→ **ACTIVITY**:
Copy nothing but the lines below, from the one with "This is a black" through the one with "- 兰格中厚板日盘点:市场价格个别上涨 需求少量释放2023/12/12", exactly as written; no pictures should appear.

→ **AVAILABLE RECORDS**:
-*-

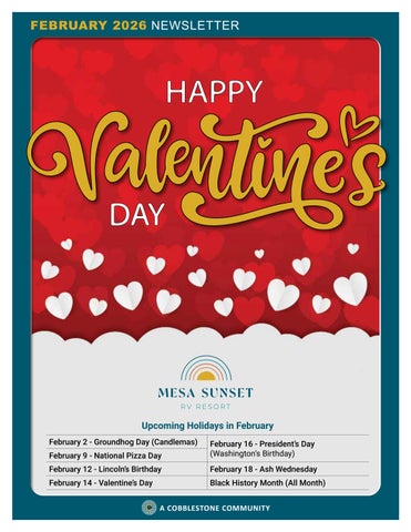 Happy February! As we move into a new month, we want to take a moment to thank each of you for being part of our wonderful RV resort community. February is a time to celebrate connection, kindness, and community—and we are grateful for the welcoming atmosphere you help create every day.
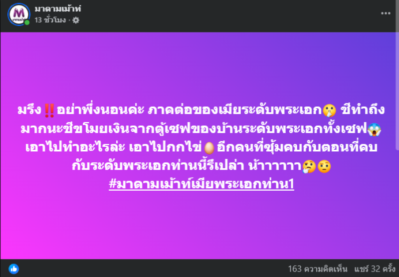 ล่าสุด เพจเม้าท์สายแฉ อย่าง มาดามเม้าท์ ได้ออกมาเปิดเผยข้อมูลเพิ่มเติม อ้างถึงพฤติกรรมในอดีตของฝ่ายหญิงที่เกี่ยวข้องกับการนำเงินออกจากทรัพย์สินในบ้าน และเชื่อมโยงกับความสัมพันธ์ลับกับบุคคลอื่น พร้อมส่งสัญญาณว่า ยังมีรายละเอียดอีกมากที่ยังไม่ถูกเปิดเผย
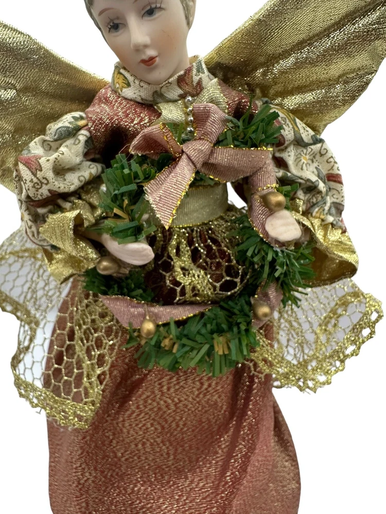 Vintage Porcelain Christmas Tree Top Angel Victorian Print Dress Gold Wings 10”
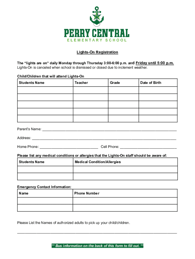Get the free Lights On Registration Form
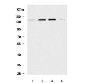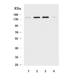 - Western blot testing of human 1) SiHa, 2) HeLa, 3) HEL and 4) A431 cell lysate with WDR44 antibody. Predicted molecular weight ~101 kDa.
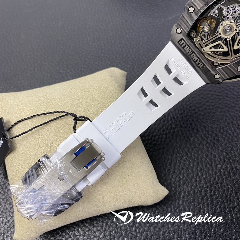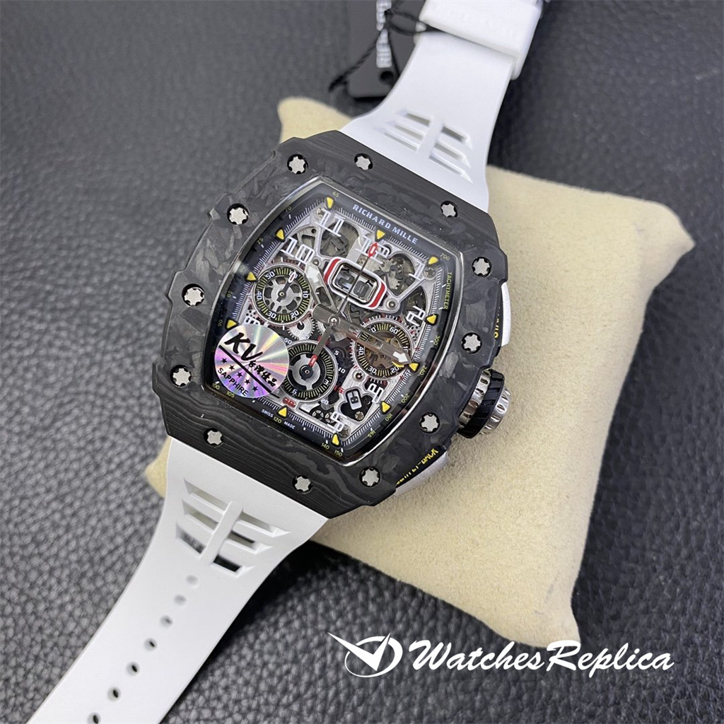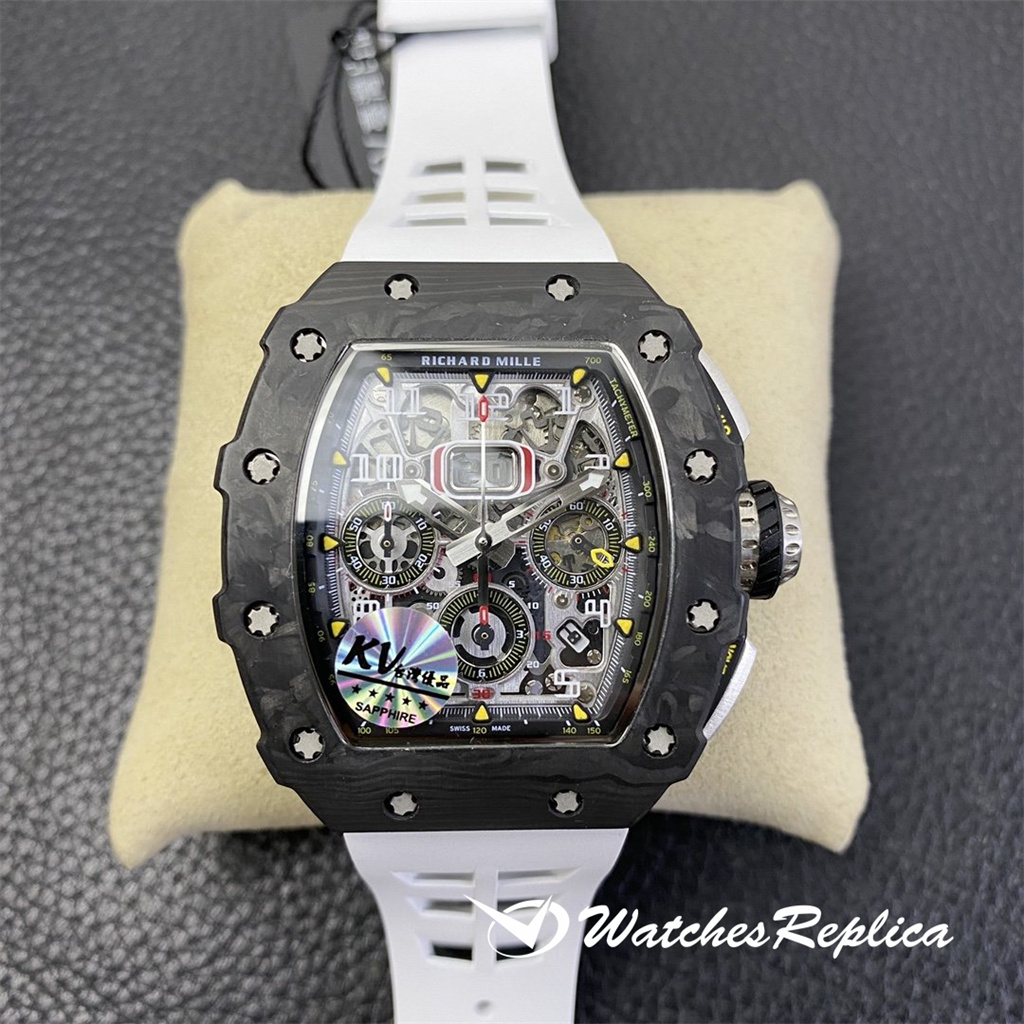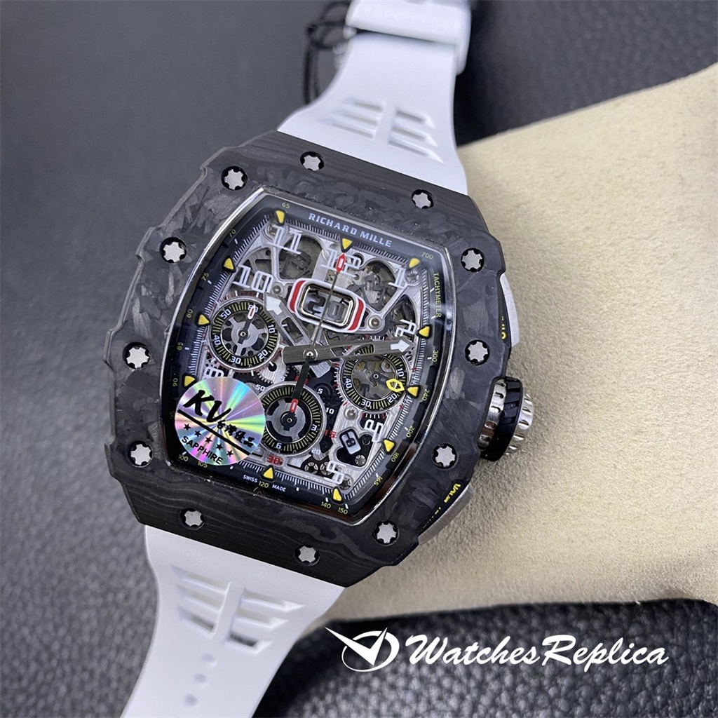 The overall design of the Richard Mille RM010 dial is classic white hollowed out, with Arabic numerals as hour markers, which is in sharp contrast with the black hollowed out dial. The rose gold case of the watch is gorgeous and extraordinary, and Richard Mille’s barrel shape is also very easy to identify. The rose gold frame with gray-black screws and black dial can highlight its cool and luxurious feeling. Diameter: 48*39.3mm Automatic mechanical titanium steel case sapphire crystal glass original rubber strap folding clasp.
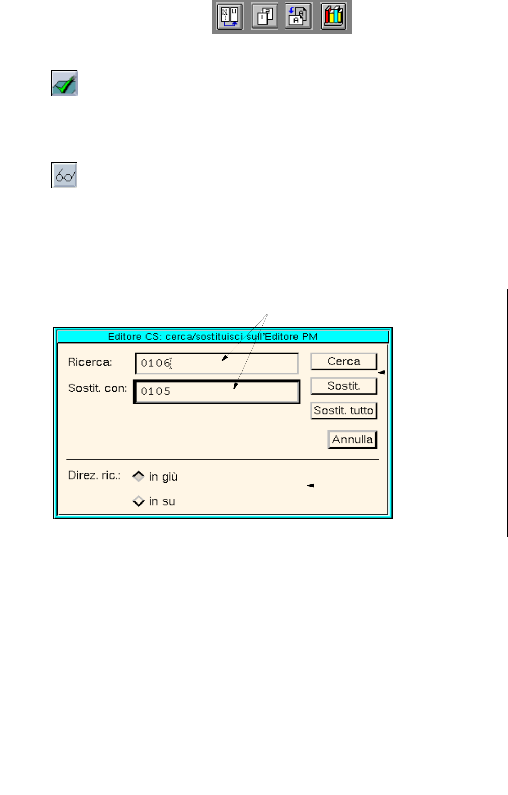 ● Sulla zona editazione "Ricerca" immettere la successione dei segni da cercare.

-*-

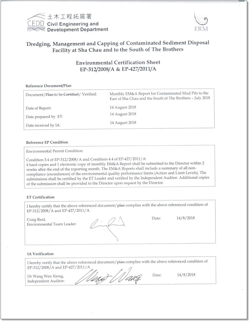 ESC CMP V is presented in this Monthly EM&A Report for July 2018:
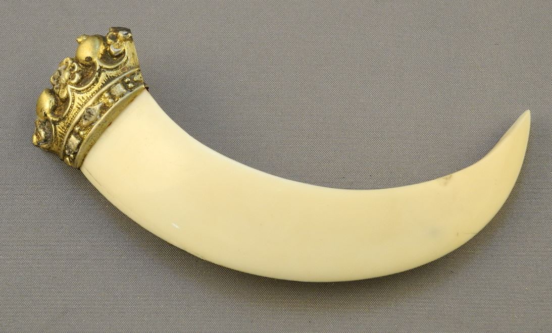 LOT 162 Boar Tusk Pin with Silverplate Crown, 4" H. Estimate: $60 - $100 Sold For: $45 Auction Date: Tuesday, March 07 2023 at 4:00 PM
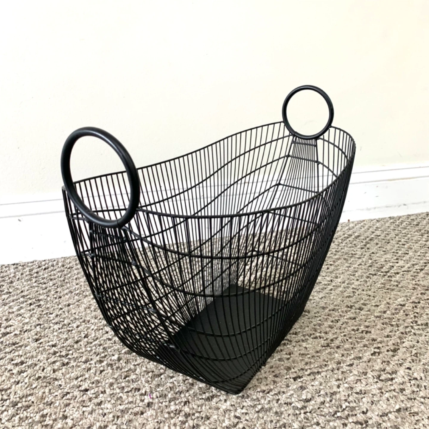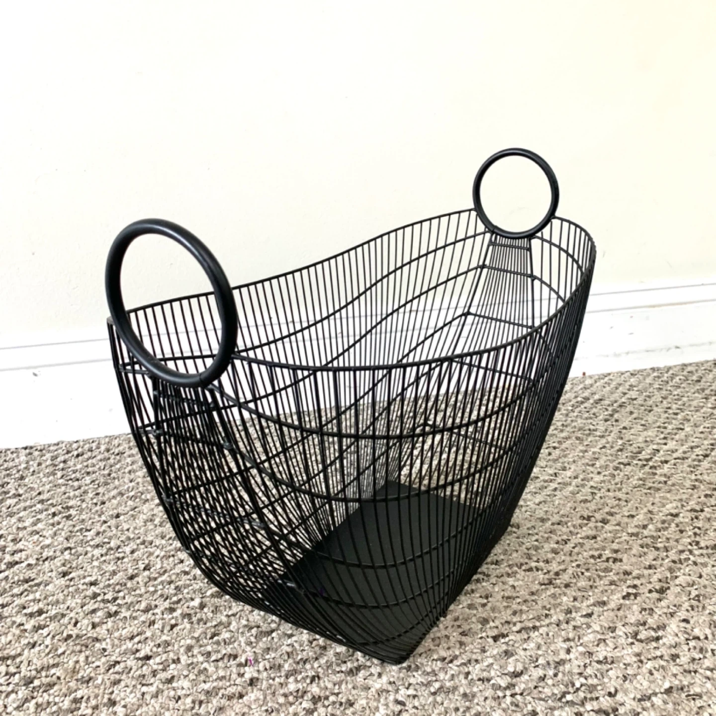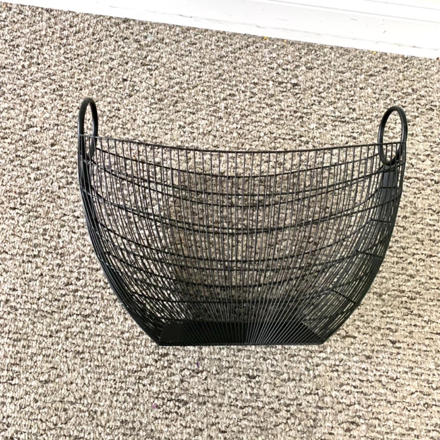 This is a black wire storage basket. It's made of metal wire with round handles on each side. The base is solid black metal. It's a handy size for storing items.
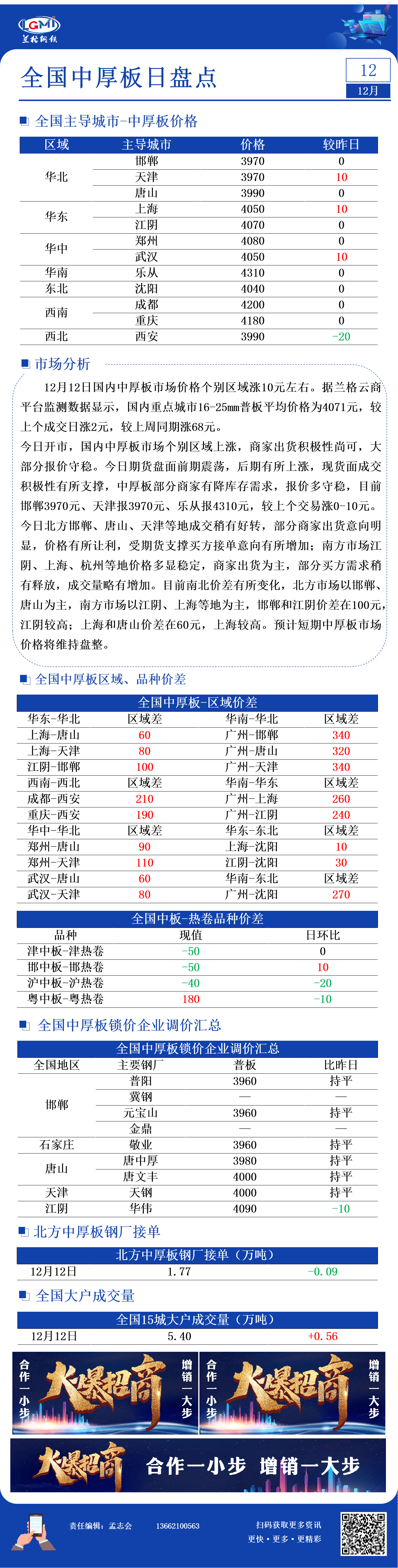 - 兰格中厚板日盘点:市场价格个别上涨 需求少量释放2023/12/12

-*-

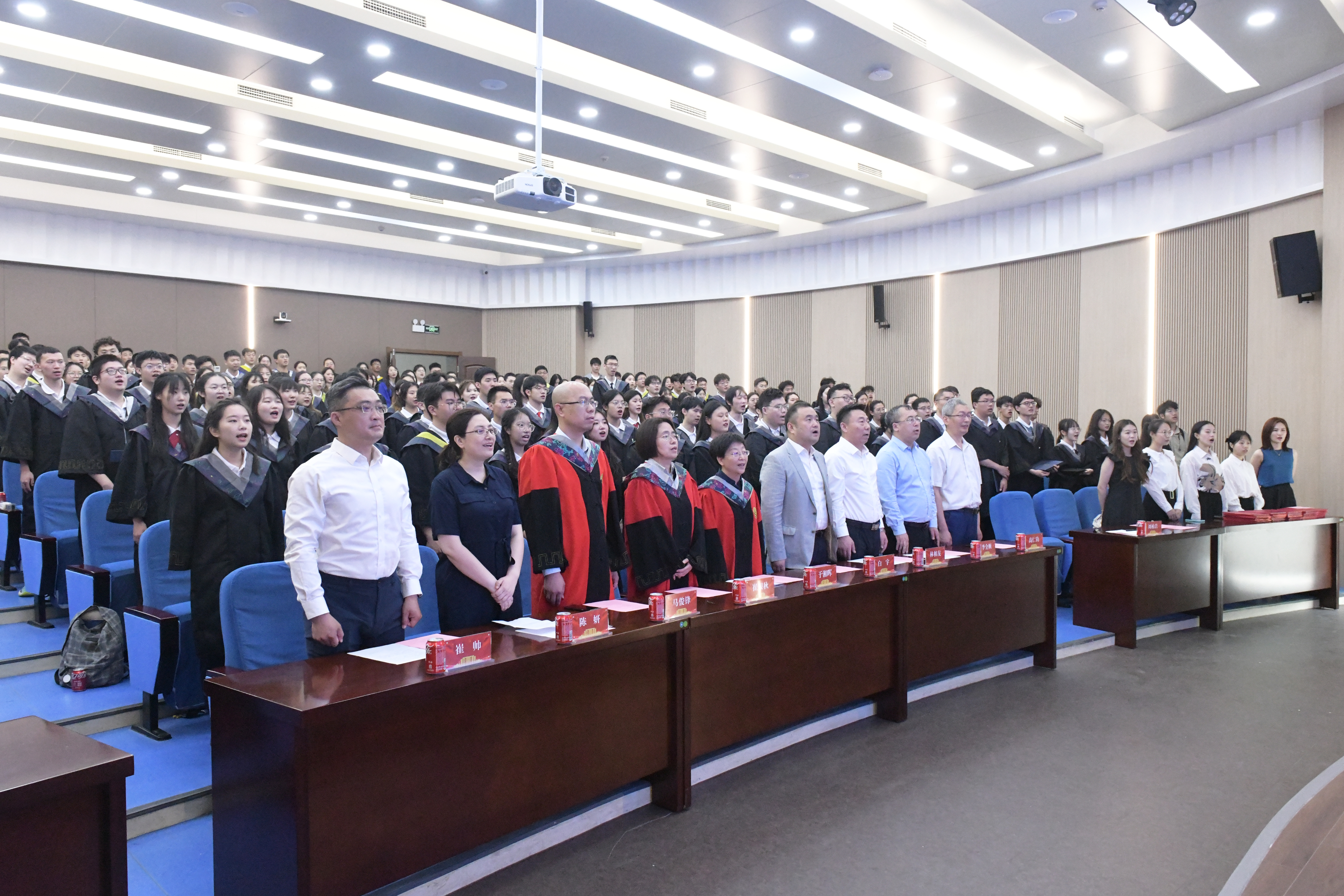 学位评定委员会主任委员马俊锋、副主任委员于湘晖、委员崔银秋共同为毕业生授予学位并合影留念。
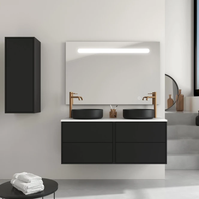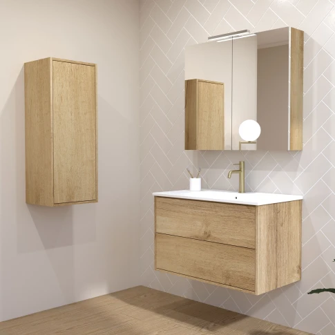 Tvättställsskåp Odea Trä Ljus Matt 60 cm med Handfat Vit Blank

-*-

→ **ANSWER FOR THIS EXERCISE**:
 This is a black wire storage basket. It's made of metal wire with round handles on each side. The base is solid black metal. It's a handy size for storing items.
 - 兰格中厚板日盘点:市场价格个别上涨 需求少量释放2023/12/12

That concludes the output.